------ Exercise input

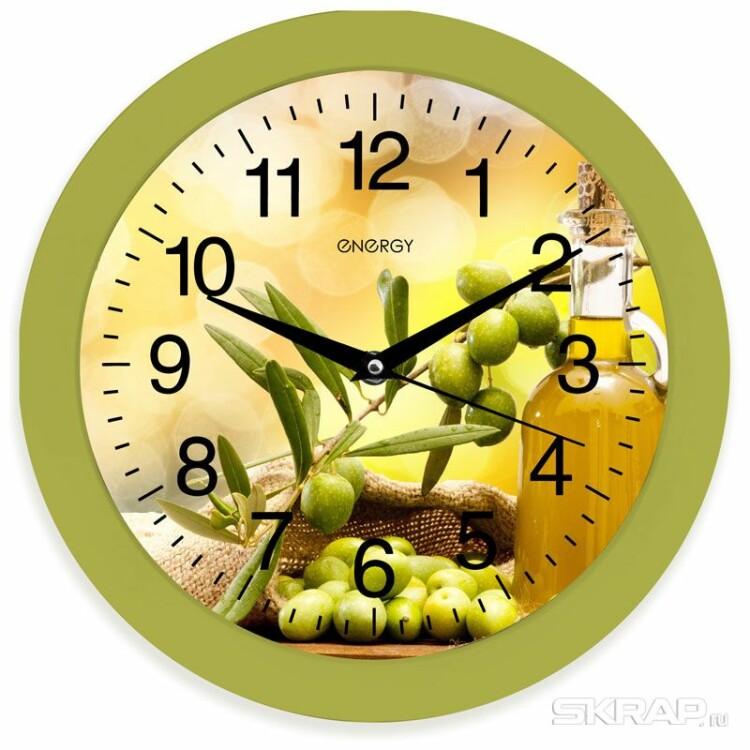 Часы настенные круг зеленый Оливки ЕС-100
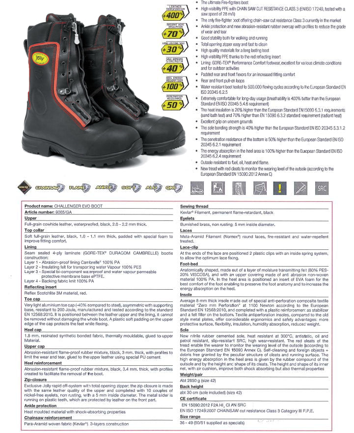 Jolly 9055/GA Firefighter & Chainsaw Waterproof Boots GORE-TEX
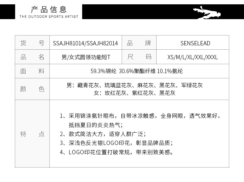 Senselead森力/女式功能短袖T恤 SSAJH82014
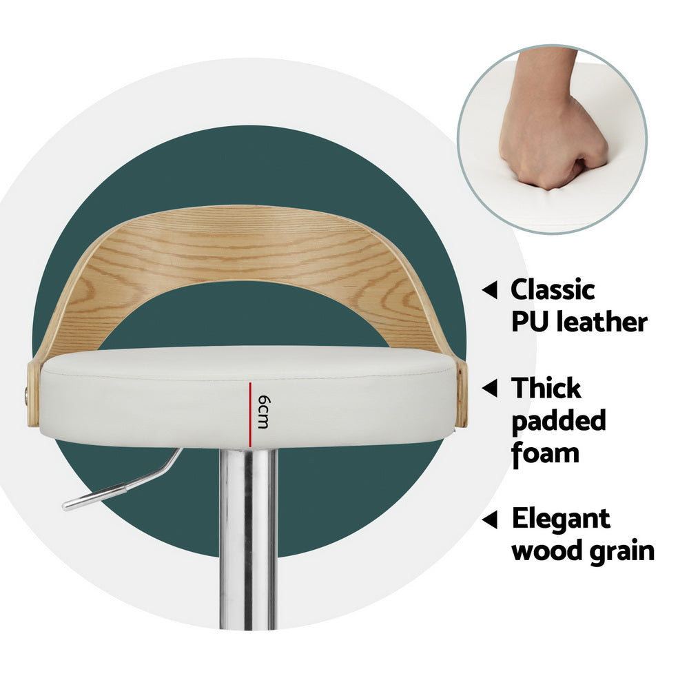 Artiss 4x Bar Stools Adjustable Leather Padded White
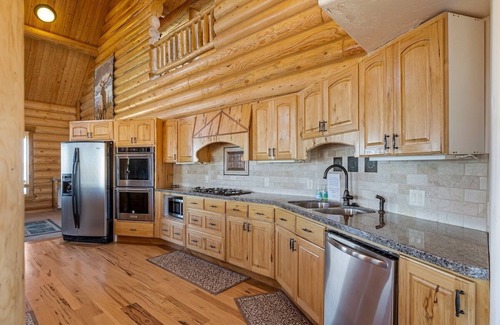 Beautiful and spacious log cabin in Fish Haven, ID, sleeps, 55+ (4 King, 5 Queen, 2 Full, & 21 Twin beds, 9 sleeping mats, 2 Futons, 9 couches). 6 BRs, 1 Semiprivate BR off the Master BR, and 1 large Bunk Room. Easy access to Fish Haven Canyon & Bear Lake for outdoor adventures! Plenty of room to host large gatherings with large kitchen & dining seating 40+ people. Private, indoor heated pool (12.5'x14'x3') set at 85 degrees. A large landscaped yard/playground/patio for outdoor entertainment! High speed WiFi.
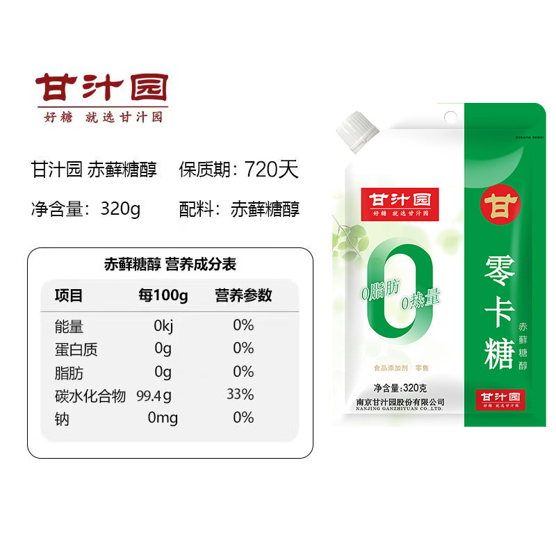 甘汁园 Erythritol 320G*5 пакетов 0 карта сахар 0 Калорийный сахар лучше, чем ксилитол белый сахар сахар

------------

Work order: Start at the top of the entries and repeat each line exactly, ending at the line that contains "Artiss 4x Bar". Pictures are not part of the copy.

Exercise response:
 Часы настенные круг зеленый Оливки ЕС-100
 Jolly 9055/GA Firefighter & Chainsaw Waterproof Boots GORE-TEX
 Senselead森力/女式功能短袖T恤 SSAJH82014
 Artiss 4x Bar Stools Adjustable Leather Padded White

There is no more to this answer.